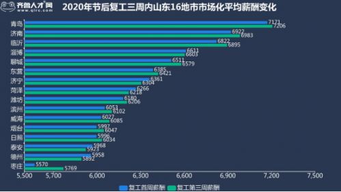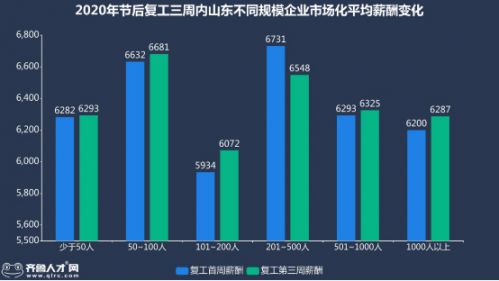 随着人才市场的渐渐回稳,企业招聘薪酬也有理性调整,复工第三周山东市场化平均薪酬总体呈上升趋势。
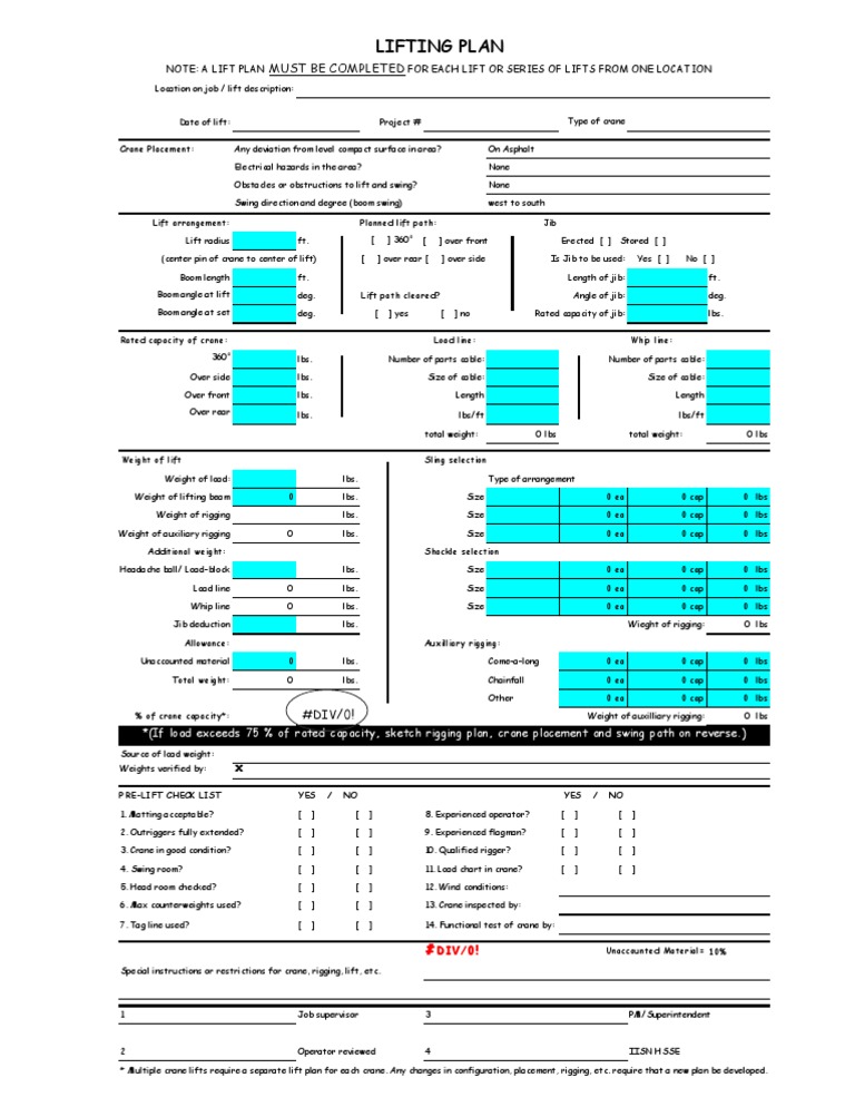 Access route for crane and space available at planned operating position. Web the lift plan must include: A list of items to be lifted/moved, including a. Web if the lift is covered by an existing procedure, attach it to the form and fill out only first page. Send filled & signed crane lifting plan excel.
==
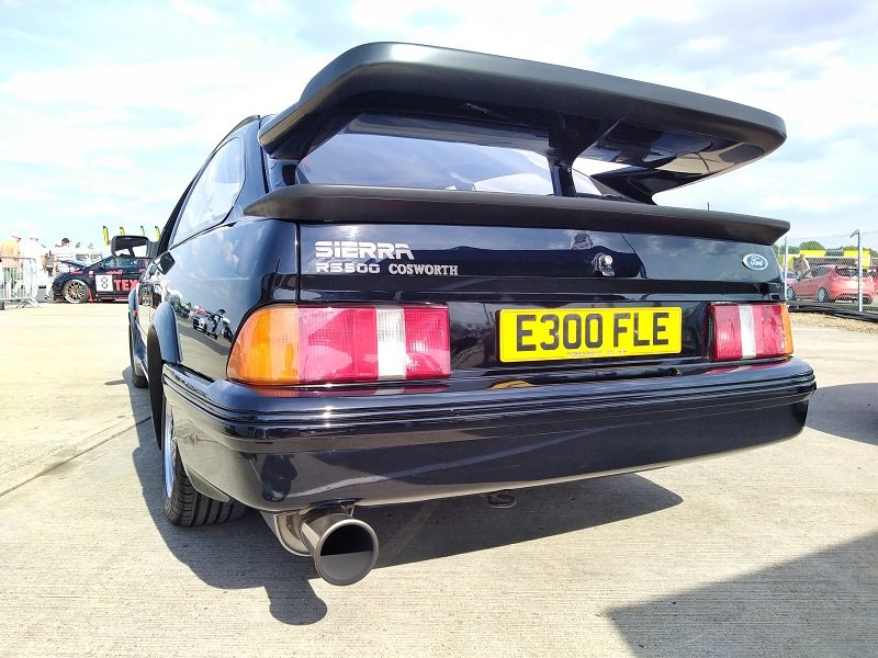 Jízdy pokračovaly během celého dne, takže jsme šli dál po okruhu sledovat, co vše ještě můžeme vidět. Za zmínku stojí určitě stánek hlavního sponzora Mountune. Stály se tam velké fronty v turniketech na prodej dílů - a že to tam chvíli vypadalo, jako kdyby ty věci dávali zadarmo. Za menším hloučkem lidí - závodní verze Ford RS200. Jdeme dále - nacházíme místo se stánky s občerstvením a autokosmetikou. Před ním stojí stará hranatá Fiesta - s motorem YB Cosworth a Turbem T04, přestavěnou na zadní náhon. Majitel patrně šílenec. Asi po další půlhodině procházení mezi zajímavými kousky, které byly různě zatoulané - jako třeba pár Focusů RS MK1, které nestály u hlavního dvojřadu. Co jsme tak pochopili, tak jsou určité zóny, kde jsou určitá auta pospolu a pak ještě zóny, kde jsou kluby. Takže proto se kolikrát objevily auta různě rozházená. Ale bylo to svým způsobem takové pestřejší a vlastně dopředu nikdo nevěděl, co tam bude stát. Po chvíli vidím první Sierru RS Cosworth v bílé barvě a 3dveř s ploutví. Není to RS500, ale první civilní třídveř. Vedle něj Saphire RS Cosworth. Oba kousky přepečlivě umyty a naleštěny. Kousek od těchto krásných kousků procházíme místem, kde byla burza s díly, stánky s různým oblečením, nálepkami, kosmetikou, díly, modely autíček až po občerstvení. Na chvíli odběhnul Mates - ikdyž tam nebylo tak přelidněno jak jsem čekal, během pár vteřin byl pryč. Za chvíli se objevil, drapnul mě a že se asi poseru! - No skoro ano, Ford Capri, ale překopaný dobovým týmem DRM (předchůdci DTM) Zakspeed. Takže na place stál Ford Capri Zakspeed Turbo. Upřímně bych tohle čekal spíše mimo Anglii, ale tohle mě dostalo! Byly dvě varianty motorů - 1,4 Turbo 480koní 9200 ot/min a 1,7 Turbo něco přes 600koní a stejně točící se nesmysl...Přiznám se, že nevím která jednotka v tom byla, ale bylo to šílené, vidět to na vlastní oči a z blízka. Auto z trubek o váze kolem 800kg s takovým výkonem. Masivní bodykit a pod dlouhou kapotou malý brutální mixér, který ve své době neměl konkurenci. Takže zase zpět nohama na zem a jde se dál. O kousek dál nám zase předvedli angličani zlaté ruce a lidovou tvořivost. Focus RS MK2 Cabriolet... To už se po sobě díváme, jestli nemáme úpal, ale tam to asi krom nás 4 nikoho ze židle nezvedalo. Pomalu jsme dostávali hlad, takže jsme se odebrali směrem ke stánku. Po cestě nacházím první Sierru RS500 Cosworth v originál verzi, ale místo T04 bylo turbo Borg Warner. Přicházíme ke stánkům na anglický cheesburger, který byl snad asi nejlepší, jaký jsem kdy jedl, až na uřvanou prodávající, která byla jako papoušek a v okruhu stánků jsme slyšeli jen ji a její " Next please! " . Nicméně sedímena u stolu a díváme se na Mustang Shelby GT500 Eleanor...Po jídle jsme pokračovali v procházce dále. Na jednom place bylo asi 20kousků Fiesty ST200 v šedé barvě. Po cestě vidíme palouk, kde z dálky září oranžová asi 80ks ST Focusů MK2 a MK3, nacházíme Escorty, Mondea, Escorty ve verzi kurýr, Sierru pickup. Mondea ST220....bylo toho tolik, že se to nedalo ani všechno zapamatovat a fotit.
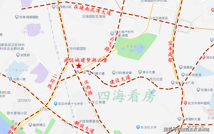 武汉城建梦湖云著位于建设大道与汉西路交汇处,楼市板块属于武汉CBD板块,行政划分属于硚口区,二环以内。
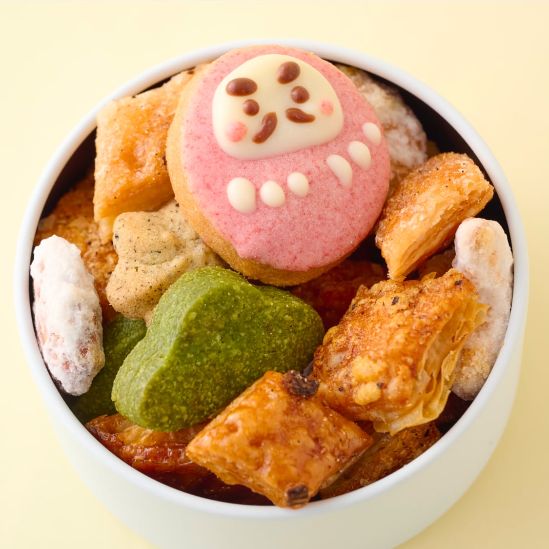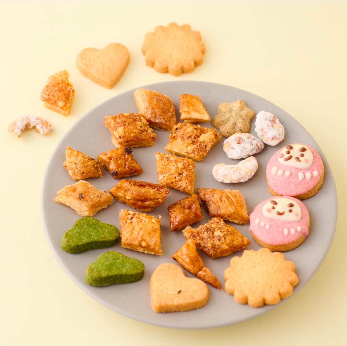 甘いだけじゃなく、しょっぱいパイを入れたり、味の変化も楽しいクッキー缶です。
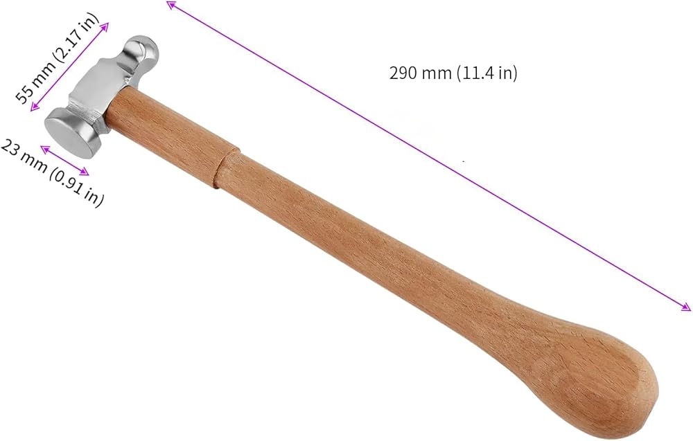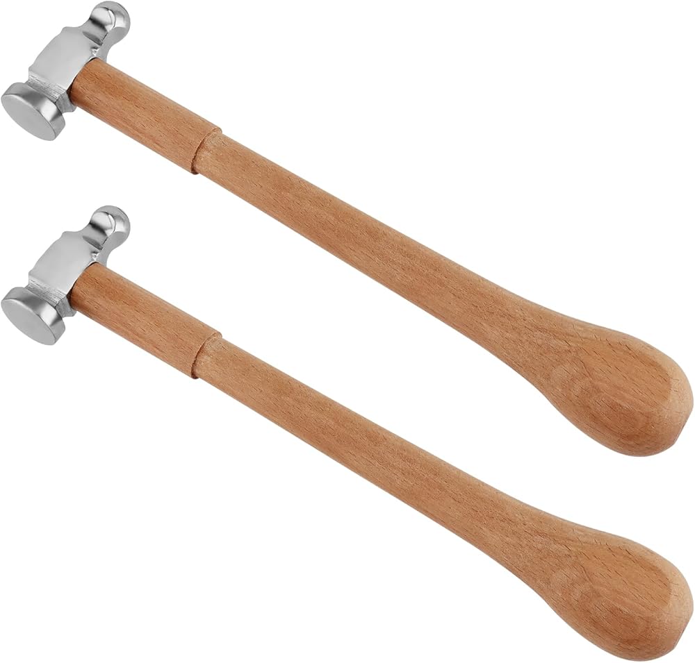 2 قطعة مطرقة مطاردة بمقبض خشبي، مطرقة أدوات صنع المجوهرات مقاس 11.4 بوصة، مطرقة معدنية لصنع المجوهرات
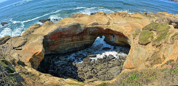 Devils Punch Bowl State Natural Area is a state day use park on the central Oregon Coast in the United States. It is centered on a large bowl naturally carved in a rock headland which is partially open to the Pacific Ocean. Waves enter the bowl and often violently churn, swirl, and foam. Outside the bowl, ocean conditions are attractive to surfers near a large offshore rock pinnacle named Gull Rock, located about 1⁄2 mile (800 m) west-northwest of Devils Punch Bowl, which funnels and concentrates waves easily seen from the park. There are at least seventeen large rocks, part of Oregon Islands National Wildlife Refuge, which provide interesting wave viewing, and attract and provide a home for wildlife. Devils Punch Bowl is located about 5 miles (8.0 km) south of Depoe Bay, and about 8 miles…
--
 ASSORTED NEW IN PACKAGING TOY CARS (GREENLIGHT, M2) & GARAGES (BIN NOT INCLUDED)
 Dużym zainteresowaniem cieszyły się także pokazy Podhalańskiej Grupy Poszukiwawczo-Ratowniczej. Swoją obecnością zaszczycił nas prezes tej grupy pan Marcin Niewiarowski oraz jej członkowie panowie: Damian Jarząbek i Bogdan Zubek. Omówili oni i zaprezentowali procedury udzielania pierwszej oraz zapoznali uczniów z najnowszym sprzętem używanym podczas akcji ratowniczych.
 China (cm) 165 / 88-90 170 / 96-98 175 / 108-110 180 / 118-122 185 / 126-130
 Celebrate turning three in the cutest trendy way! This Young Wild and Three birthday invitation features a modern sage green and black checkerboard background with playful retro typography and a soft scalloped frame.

[Problem description]: Though the entries above contain pictures, none should be copied; reproduce only the lines between the one holding "武汉城建梦湖云著位于建设大道" and the one holding "2 قطعة مطرقة", inclusive, exactly as written.

[Exercise answer]:
 武汉城建梦湖云著位于建设大道与汉西路交汇处,楼市板块属于武汉CBD板块,行政划分属于硚口区,二环以内。
 甘いだけじゃなく、しょっぱいパイを入れたり、味の変化も楽しいクッキー缶です。
 2 قطعة مطرقة مطاردة بمقبض خشبي، مطرقة أدوات صنع المجوهرات مقاس 11.4 بوصة، مطرقة معدنية لصنع المجوهرات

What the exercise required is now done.